As for costs, I wish I knew! Everything in this process costs money. Every meeting, every email, every phone call, every letter. Every minute spent researching the law and every minute spent discussing it. Not to mention the court costs for the days hearing. While we have a ball park figure floating around, the simple fact is, we wont know what this will all cost until it is all finished. 
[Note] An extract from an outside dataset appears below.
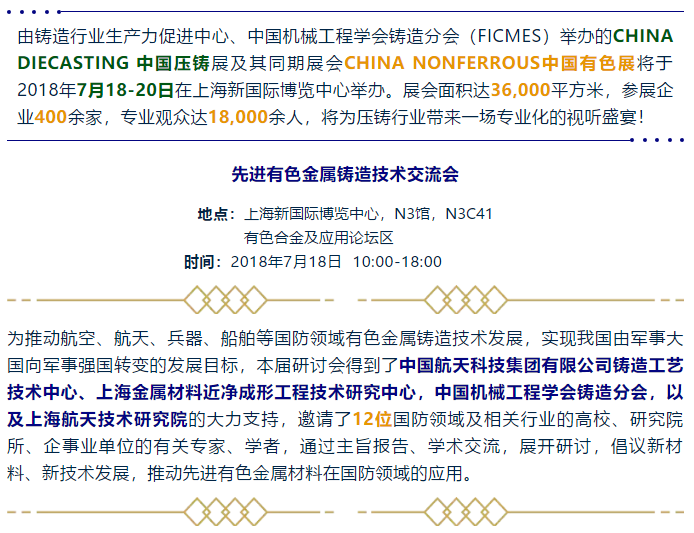 發(fā)表于2018/7/7 21:39:56 中國(guó)壓鑄展有色金屬鑄造技術(shù)交流會(huì)
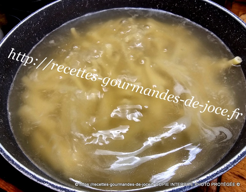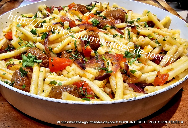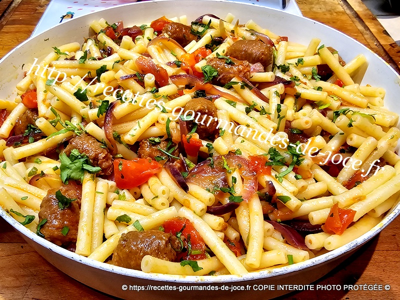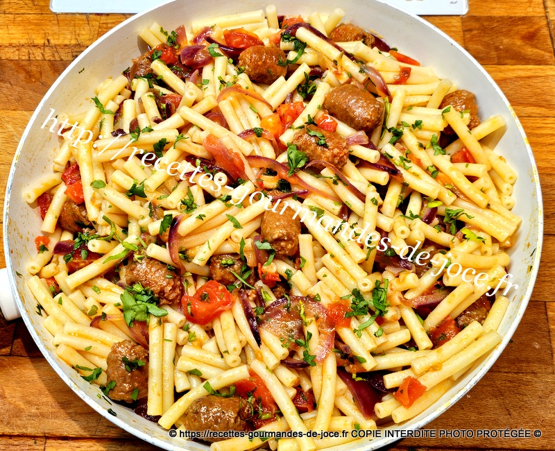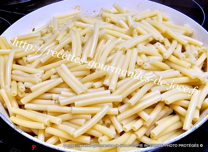 Égoutter les pâtes dès qu’elles sont cuites et les ajouter dans la poêle, mélanger et servir sans attendre.

At this moment in time the bulk of the costs (now well over 10 K) have been met by the clubs along with money raised by the shows (fees and collections) and donations. Our opponents have spotted this and are trying to stop us by stopping this years shows, hence the loss of Kempton and I’ve no doubt a mountain of complaints to Doncaster council about the IHS show. Our day in court will more than double what we have paid already and if we loose..........well we just aren’t going to loose because if we do, it won’t just be money that we lose, it will be all animal related events.

And yes WHEN we win we will be going for costs and looking for damages from our opponents but that’s after we win. For now we have to find the money and that means we have to ask everyone to help. So if your sitting around feeling annoyed at the loss of yet another show (Kempton) then help us to fight to get the shows back and donate a couple of quid. At this moment in time every penny counts.

Gordon Glasson
FBH Vice Chairman

Many thanks to all those that have donated so far.:no1::notworthy:


----------



## cherryshrimp (Aug 1, 2012)

Donation sent. Already donated to the collection bucket at Doncaster but we need to be more committed than the antis!

Very simple through Paypal.

Took 30 secs to google the FBH site and click and send.


----------



## Iulia (Mar 2, 2011)

Natrix said:


> As for costs, I wish I knew! Everything in this process costs money. Every meeting, every email, every phone call, every letter. Every minute spent researching the law and every minute spent discussing it. Not to mention the court costs for the days hearing. While we have a ball park figure floating around, the simple fact is, we wont know what this will all cost until it is all finished.
> 
> [/SIZE]


A couple of years ago I was involved in taking my local council to court over destruction of reptile habitat, and I know this from bitter experience. 

It might be worth saying that in the end we shut our legal action down because we ran out of money ... we had a case, but the funds ran out and the opposition had very deep pockets.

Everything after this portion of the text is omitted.